There is a saying that illustrates that. It goes thus: Nnkan ti agba fi nje eko ti o ra lowo wa labe ewe. I attempt a transliteration here: what the elder uses in eating eko (corn meal) without smearing his fingers is underneath the leaf. Dr. Mike Adenuga Jr, the Chairman of Globacom, turned 71 years old yesterday, Monday, April 29, 2024. At 71, the man known as Mr. Chairman, is a qualified member of Agba Ule and Agba Ulu. Many things qualify him for that position. I would not be dwelling on those ones here, but, as an eminent Agba Ule, Dr. Adenuga has demonstrated over and over again that the mystery of the successes of his business empire lies only with him. Nothing demonstrates this more than the recent breakdown of the underwater cable services across the West African sub-region a few weeks ago. Globacom, the telecommunication outfit of the Ijebu businessman, has one of the independent, and the only single underwater cable owned solely by an individual, the Glo 1 Submarine cable that runs from Lagos through 13 different countries to the United Kingdom with a point of reference in New York, United States of America.

FROM THE AUTHOR: OPINION: Why Were Miyetti Allah And Tinubu’s Iyaloja In Ibadan?

Whatever it was that happened to other international underwater cables, such as the West Africa Cable System (WACS), the Africa Coast to Europe (ACE) and MainOne, Glo 1 remained standing. The company, Globacom, came up with a statement to reaffirm that its facility was not in any way affected by the damage that caused a lot of disruptions in the telecommunications industry with companies having huge bandwidth suffering unmitigated losses. In a discussion with some people while the submarine cable crisis lasted, someone asked why Glo 1 was spared.
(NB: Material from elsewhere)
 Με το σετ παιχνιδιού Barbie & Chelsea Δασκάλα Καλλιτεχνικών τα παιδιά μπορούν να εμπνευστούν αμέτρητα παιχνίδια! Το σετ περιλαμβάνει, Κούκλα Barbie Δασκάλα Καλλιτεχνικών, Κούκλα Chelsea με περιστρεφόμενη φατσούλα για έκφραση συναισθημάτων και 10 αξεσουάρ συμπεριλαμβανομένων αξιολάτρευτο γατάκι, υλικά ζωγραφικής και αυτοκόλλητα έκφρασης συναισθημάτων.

My immediate response to that is that the fortune or misfortune of any business concerns depends largely on the mission and vision of the promoter(s) of the business. And this is true with Globacom. It is practically impossible to divorce the resilience of the owner, Dr. Mike Adenuga Jr. from the success of the company.
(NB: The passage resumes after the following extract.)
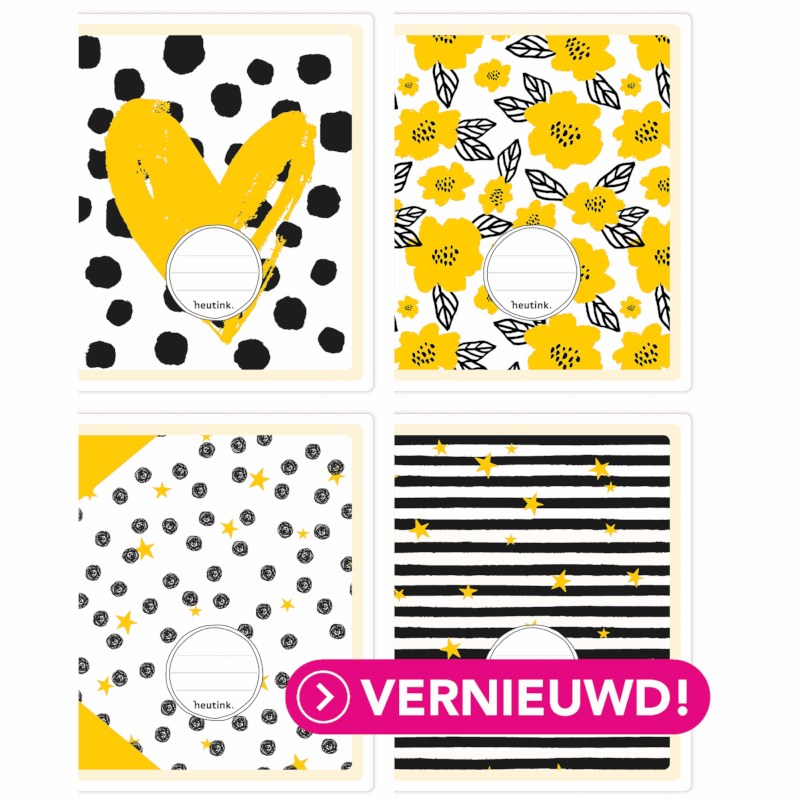 De omslagen van de cahiers zijn uitgevoerd in 4 verschillende designs en worden per stuk assorti geleverd.

The underlying principles of “People, Power, Possibilities”, on which the business was established cannot but speak for it when things are tough. If you have ever passed through Globacom, you would realise that ‘impossibility’ means “I’m Possible” in the system. Theirs’ is a diehard, never-say-no spirit which empowers them to navigate through the cruellest terrains. An average mid-level manager in Globacom is a super CEO of any other company. Why? Because Dr. Mike Adenuga Jr. ‘roasts’, ‘cooks’, ‘fries’ and ‘fires’ every fibre of his employees till they become the best anyone can be. The working environment may not be the best; it is no doubt an institution that brings the best out of the individuals in its employ.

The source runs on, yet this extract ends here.